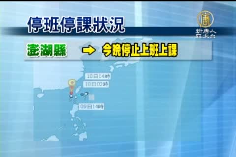 【新唐人亞太台2010年9月9日訊】輕度颱風莫蘭蒂目前暴風圈已經進入澎湖地區,由於風雨逐漸增強,先為您播報目前各地最新的停班停課狀況。澎湖縣政府已經宣布:今天晚上停止上班上課;台東縣大武鄉、達仁鄉和金峰鄉也從下午3時30分起停止上班上課;至於高雄縣各級學校還有高雄市高中職以下各級學校宣布今晚停課。
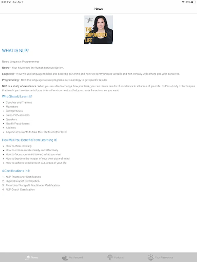 My training and experience as a Trainer of NLP, Hypnosis Trainer, Time Line Therapy® Trainer, NLP Coach Trainer and Master Life Coach have given me the tools to help my clients to live a fully EMPOWERED LIFE!
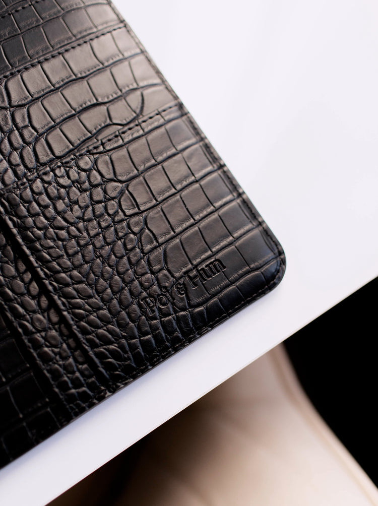 - Vegan Leather in Black Croc + Soft Taupe Croc

What you need to do
Could you write out exactly the lines running from the one with "My training and" through the last line of the data above, both ends kept, and omit any picture?

Response to the exercise
 My training and experience as a Trainer of NLP, Hypnosis Trainer, Time Line Therapy® Trainer, NLP Coach Trainer and Master Life Coach have given me the tools to help my clients to live a fully EMPOWERED LIFE!
 - Vegan Leather in Black Croc + Soft Taupe Croc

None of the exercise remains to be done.